What to preserve if you have been fired

If a positive cannabis test or related accusation triggered your discipline or termination in DC:

  • Save the test result, chain-of-custody form, and any related communications from the lab or employer
  • Pull the job description and any written safety-sensitive designation, plus the CEPAA notice the employer was supposed to provide
  • Write down the immediate context, including any accident, supervisor observations, accommodation conversations, or unusual behavior cited by the employer
  • Keep your medical cannabis registration if you have one, and any documentation linking cannabis use to a disability

The DC Office of Human Rights publishes guidance and the CEPAA notice template at ohr.dc.gov.

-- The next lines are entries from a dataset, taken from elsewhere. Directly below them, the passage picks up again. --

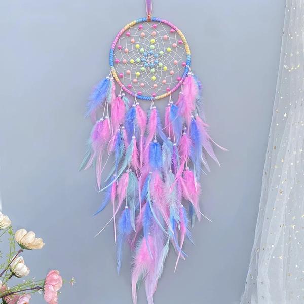 カラフルな手織りフェザーウィンドチャイム、ドリームキャッチャー、ベッドルームハンギングオーナメント、壁の装飾、フェスティバルパーティーギフト、ホームアクセサリー
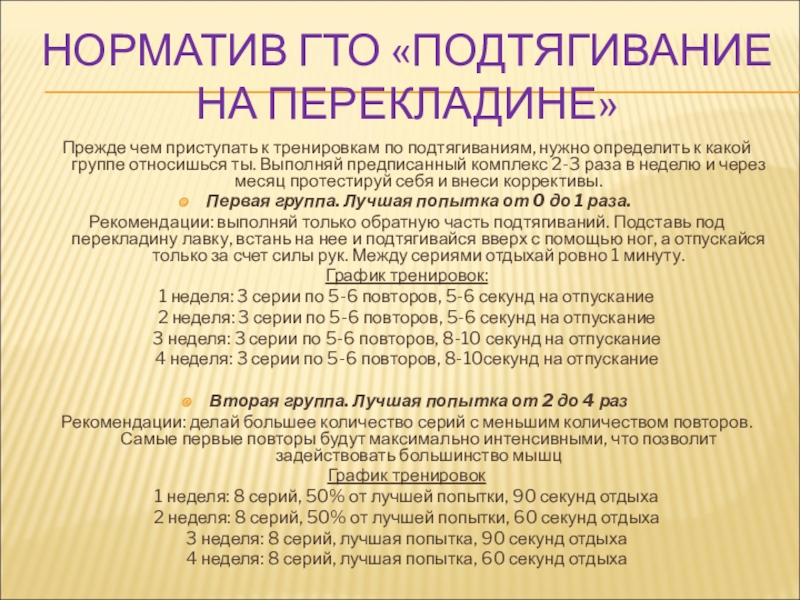 Слайд 9НОРМАТИВ ГТО «ПОДТЯГИВАНИЕ НА ПЕРЕКЛАДИНЕ»
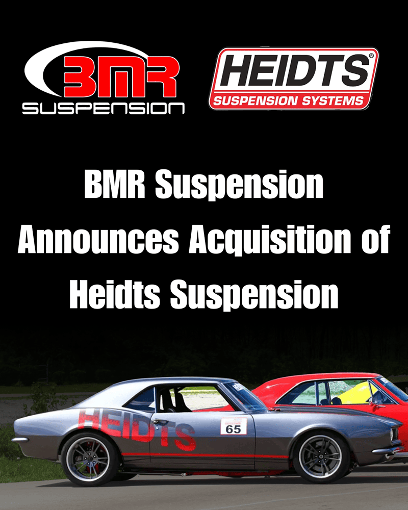 BMR Suspension has acquired Heidts Suspension. This acquisition allows BMR Suspension to further its business goals of providing American-made suspension and chassis products at an affordable price.
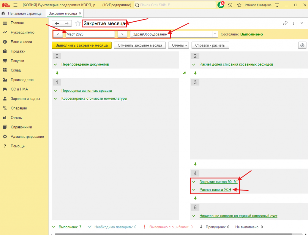 ВАЖНО! Если все хозяйственные операции были проведены корректно, то все операции «Закрытие месяца» должны пройти без ошибок.
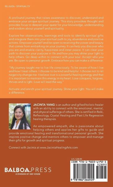 A profound journey that raises awareness to discover, understand and embrace your unique spiritual journey. This story provokes thought and provides focus to deepen your quest for your knowledge, understanding and wisdom about yourself and spirituality. Explore her observations, learnings and tools to identify spiritual gifts and integrate them into your spiritual path to joy, abundance and positive actions. Empower yourself and be open to receiving the power and beauty that comes from embarking on your journey. It can help you discover who you are and enable clarity, happiness and inner peace. It can clear your path to discover your purpose in life and how you may shine your light to help others. Go deep within to connect with your soul. Accept who you are. Be open to personal growth. Embrace how you can make a difference. "My journey taught me to live life consciously. To be aware of how I live and how I treat others. I choose to be kind and helpful. I choose not to let negativity change me. I believe love is a powerful healing energy and that it is important to maintain this energy in my heart. Love conquers, forgives, thrives and is light. Love will lead the way." Activate and enrich your spiritual journey. Shine your light. You will make a difference.

The Drug-Free Workplace Act’s actual text is on the Department of Labor’s website at dol.gov. Internal pages worth pairing with this post include a DC wrongful termination overview, a disability discrimination guide, and a severance review page.

Bottom line

A positive cannabis test in DC no longer means an automatic lawful firing. Off-duty use is protected for most workers, the safety-sensitive carve-out has real limits, and the federal contractor exception is narrower than employers often assume. A consultation with a wrongful termination attorney DC workers can rely on will sort the exceptions, evaluate the impairment evidence the employer claims to have, and identify whether DCHRA disability claims layer on top. If you have a severance offer in hand, get it reviewed before signing, since CEPAA waivers can be challenged when they are buried in a release that would otherwise foreclose a meritorious claim.